Arizona disappears behind me and New Mexico presents itself for inspection.  I explored a lot of this state, and a fair bit of Arizona back in 1984 when I lived here for 11 weeks while working for a law firm in Albuquerque.  I have fond memories of weekend excursions on the old green bike, camping in the hills and just wandering around to see what I could see.  Surely nothing will have changed much in a mere 31 years ?

Lunchtime finds me near  Gallup, so I cruise in and drive the main street which is also Old 66. There I find Glenns Bakery which provides me with a green chile breakfast burrito for lunch and wonderful apple stick pastries and  an almond-paste filled bear claw for dessert.  I take more apple sticks for tomorrow’s pre-breakfast snack.

The highway crests a rise and there is Albuquerque spread out below, looking to my eyes as if she may have put on some girth in the years since I saw her last.  Not criticizing, mind you,  I have too.  I was young then, 35, and had no qualms about exploring all of this area in the Southwest without any navigation tools other than a paper map.  It was the days before all the technical bike gear we have now, so I rode in jeans and a t-shirt, a thin leather jacket (the same one I’d had since I was 18) and boots and a helmet.  I had a rain suit, but often in the parched summer air, I just let myself get wet, knowing that I’d be dry again in minutes.  Now in the age of ATGATT, I’m layered up, much safer but not as “free”.  I camped everywhere then, but now I need a bed and a shower.

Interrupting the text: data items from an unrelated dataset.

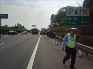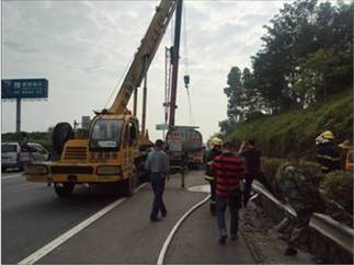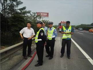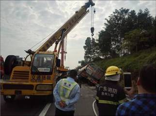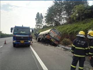 11月10日早上7点40,县接报在广惠高速长龙段(广州往惠州方向离沙河服务区2公里处靠应急车道)发生一起槽罐车侧翻道路交通事故。据初步调查:事故发生于11月10日早6时50分左右,广州穗兴公司的一辆槽罐车(粤AN5327,核载24吨),实际装载三甲苯溶剂13吨,发生一起槽罐车侧翻道路交通事故。因事故车辆发生于应急车道侧翻,本次事故司机和押运员(均为茂名人)无受伤,无人员死亡,高速交通除倒罐时封堵30分钟左右外基本顺畅。 县消防大队、安全监管局、环保局等部门有关人员、车辆、装备先后到达事故现场开展应急救援工作,并调动广州穗兴公司转运车辆(粤AN3797)、两辆一吊车、一辆拖车到达事故现场开展救援工作。市安全监管局刘建斌副局长、市交警支队有关领导到达现场指挥救援。现场指挥部确定了事故处置的基本方案。9时10分开始倒罐,9时40分基本倒罐完成,因车载泵功率问题还有剩余2吨未抽取,先两辆吊车将事故车辆吊装扶正,于9时50分完成扶正事故车辆后,再将剩余2吨三甲苯用泵转至转运车辆。于10时10分全部完成,事故现场于10时20分全部处置完成,道路恢复畅通。
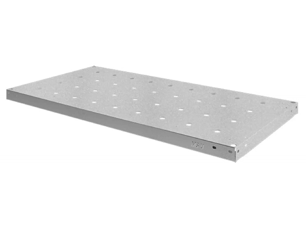 Полки MS U перфорированные используются для стеллажей этой же серии. Отличаются разными размерами, устанавливаются на зацепы, которые не требуют дополнительного крепления.
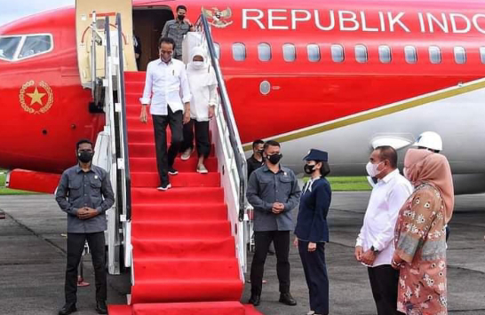 Agenda Presiden Republik Indonesia Joko Widodo (Jokowi) bersama Ibu Negara Iriana Joko Widodo tiba di Pangkalan Udara Soewondo, Medan, Selasa (5/7/2022).

I select a Motel 6, which offers a cheap room to AARP members (something else I couldn’t have imagined considering in 1984).  By chance, since I don’t really recognize much here now, the motel is within blocks of my old apartment and the street names begin to come back to me.  The BMW dealer is about 4 miles away (not the same one that was here back then) and I plan to see them tomorrow.